Теперь все встало на свои места. Когда я осознал все, что мне довелось недавно увидеть — меня вмиг прошиб холодный пот. Апокалипсис… Апостолы Дьявола хотят начать Апокалипсис, и тому имелись доказательства. Ведьма и ее приспешники проводили темный ритуал, надеясь сорвать третью печать. Та тварь в подземелье — ни что иное, как слуга Всадника Апокалипсиса, имя которому — ГОЛОД. Сама же тварь являла собою один из семи грехов — Чревоугодие. Ну конечно, ведь иначе и быть не может! Обжорство и голод всегда идут рука об руку. Выходит, что и вспышка чумы — не происки Дьявола, а конкретное стремление, взлом еще одной печати, после падения которой в мир придет Всадник на бледном коне. В мир придет Смерть.
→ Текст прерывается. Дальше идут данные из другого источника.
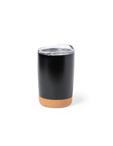 Vaso de sobremesa fabricado en combinación de base en corcho natural con cuerpo en acero inox de acabado blanco, de 380 ml de capacidad. Con doble cobertura para mejor y mas duradera conservación de la temperatura y original tapón dosificador con abrefácil transparente. Presentado en atractiva caja de diseño.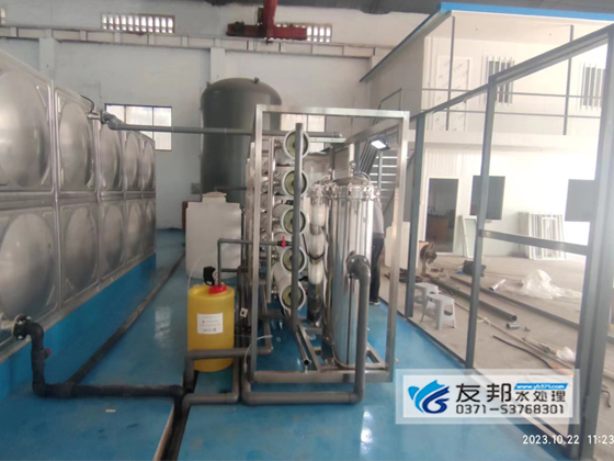原水先进入前置泥沙过滤系统,再进入反渗透除盐过滤系统,过滤后进入纯水箱(需方自备),以达到使用标准。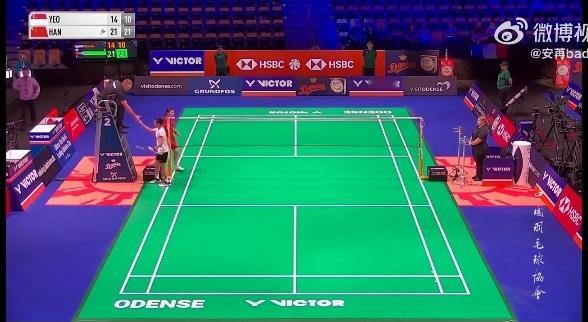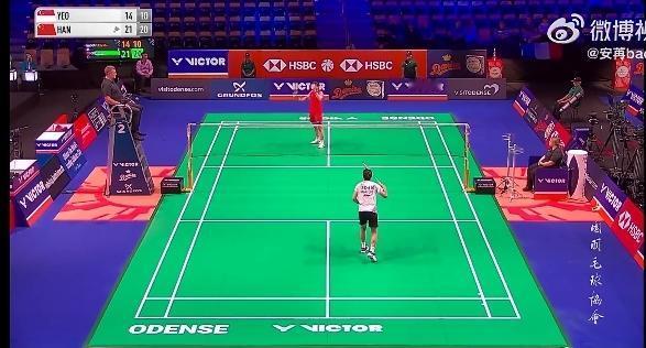 第一局韩悦🇨🇳21-14轻取🇸🇬杨佳敏! 今天韩悦手感不错,不慌张,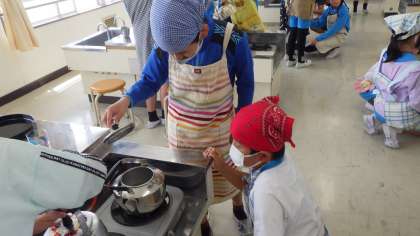友達とエプロン姿を見合って「かわいい〜!」と言い合う様子になごみました。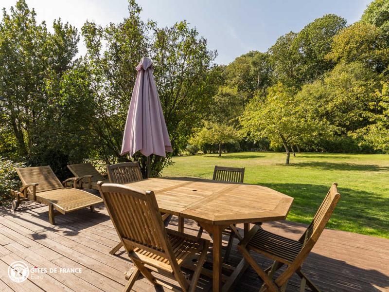 Cette jolie maison à pans de bois vous offre un vrai moment de détente en lisière de la belle forêt de Montfort. Vous aimerez cet environnement privilégié, au vert, mais proche de la vallée et ses petits bourgs dynamiques : grand jardin avec son verger, sympa pour la cueillette en saison, avec une belle terrasse en bois et son mobilier de détente pour en profiter . La maison est confortable et parfaitement équipée : Pascal y est attentif. Les enfants adoreront rendre visite aux lapins dans leur enclos, aux poules et aux oies, ou au fond du jardin aux poissons rouges (bassin protégé). Egalement pour eux, le portique et son tobogan, les ballons, le bac à sable. Pascal vous prête également des vélos (3 pour adultes et 2 pour enfants) pour une balade tous ensemble dans les petits chemins alentours. Les départs de randonnées ne manquent pas au travers des forêts de pins de l'espace domanial forestier. S'ajoutera peut-être la surprise de la visite d'un chevreuil près du gîte.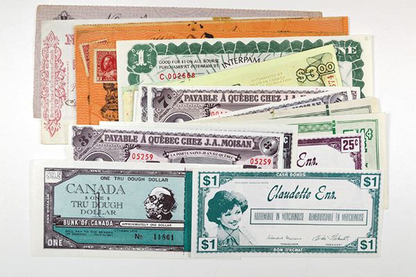 Canada. Bank Checks with 2c stamps. Issued/cancelled (9). Local notes - Includes Interpam '81, J.A. Moisan and Canadian Tire. Also include Western Lottery receipts and 1976 Olympic lottery tickets. 35 pieces total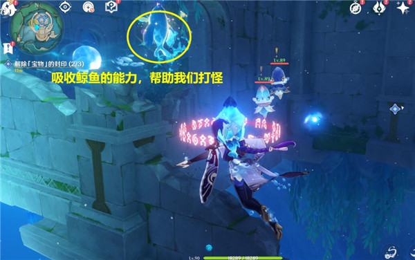6、最后是第三处机关,我们先吸收鲸鱼的能力把怪打掉,再开启第三个机关。
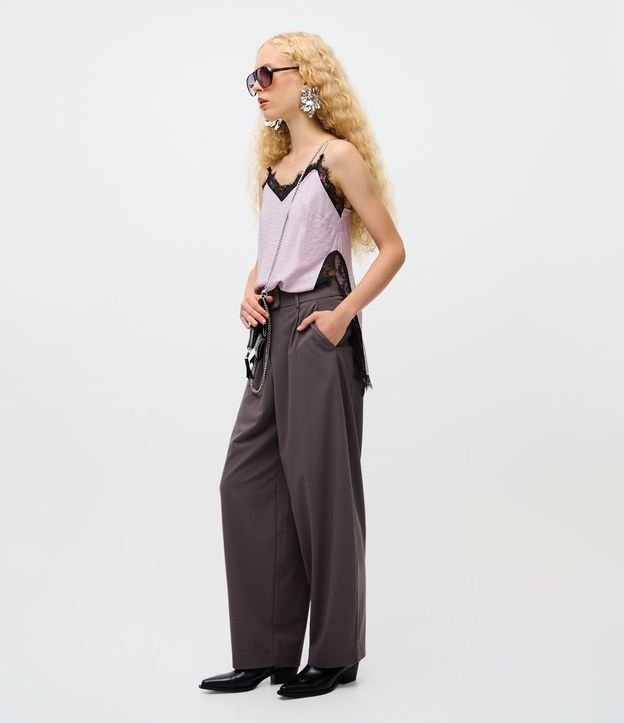 Calça Barrel Alfaiatada com Recortes Frontais Cinza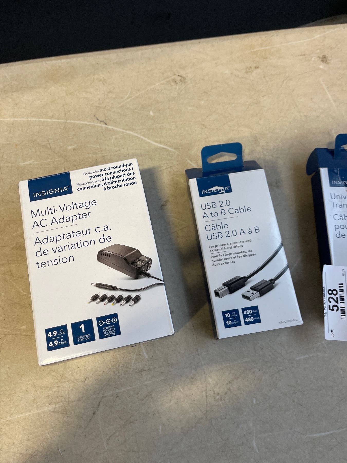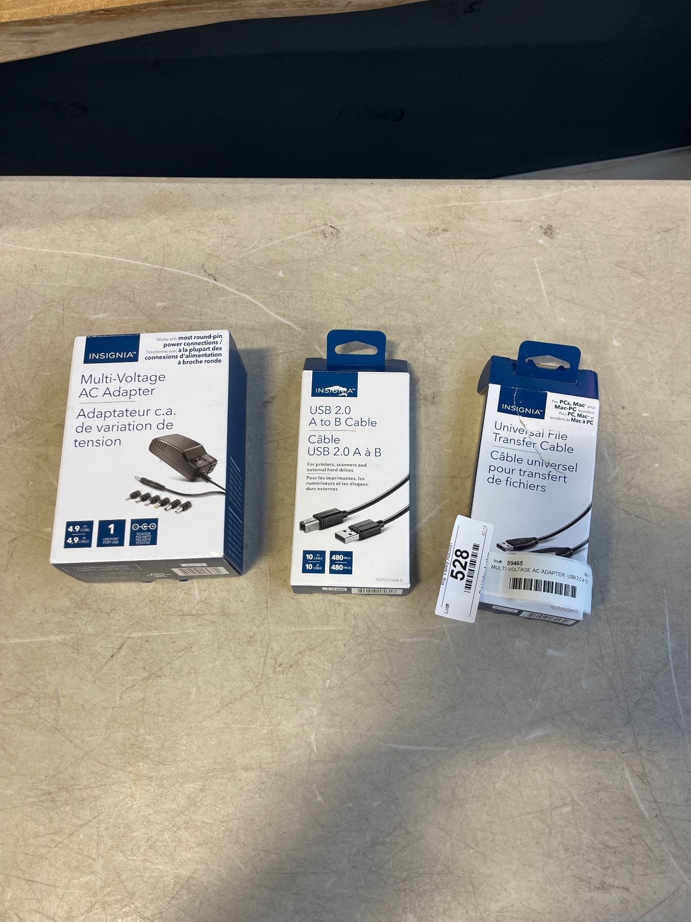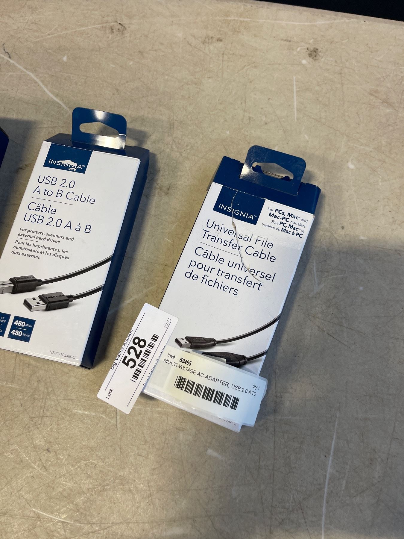 MULTI-VOLTAGE AC ADAPTER, USB 2.0 A TO B CABLE, UNIVERSAL FILE TRANSFER CABLE

Не теряя времени, я достал из ящика стола бумагу и чернила. Пламя свечи дрожало от сквозняка, света недоставало, поэтому буквы выходили не такими ровными. Я составил письмо кардиналу и сразу же отправил почтового голубя. Небо посерело, близился рассвет, так что письмо ляжет на стол кардинала уже к завтраку.
Устало откинувшись на спинку стула, я помассировал переносицу. Голова раскалывалась, в волосах запеклась кровь, левая рука болела и плохо слушалась. А в мыслях билось одно: нужно убить Обжорство и остановить Голод. Нельзя чтобы пала печать. Нельзя! Но как?
Как?!!
В горле пересохло. Взяв стакан воды, я сделал большой глоток и тут же поперхнулся. Я понял как убить тварь! Понял я и другое: мало убить Обжорство, нужно найти тех, кто его создал, иначе в мир придет другое чудовище, а за ним еще и еще. В том, что тварь создали искусственно — я не сомневался. «Наука и магия всегда стоят рядом, и грань между ними порой неотличима» — услышал я однажды фразу, она навсегда врезалась в память вместе с человеком, ее сказавшим. Чудовище сотворили с помощью науки и магии — тому свидетельство торчащие из серой плоти трубки и хирургические швы. А так ли много мест, где это можно сделать? Где есть лаборатория, хирургическая комната, и люди, которых никто не станет искать, не станет оплакивать?..
Ответ напрашивался сам собою: лепрозорий.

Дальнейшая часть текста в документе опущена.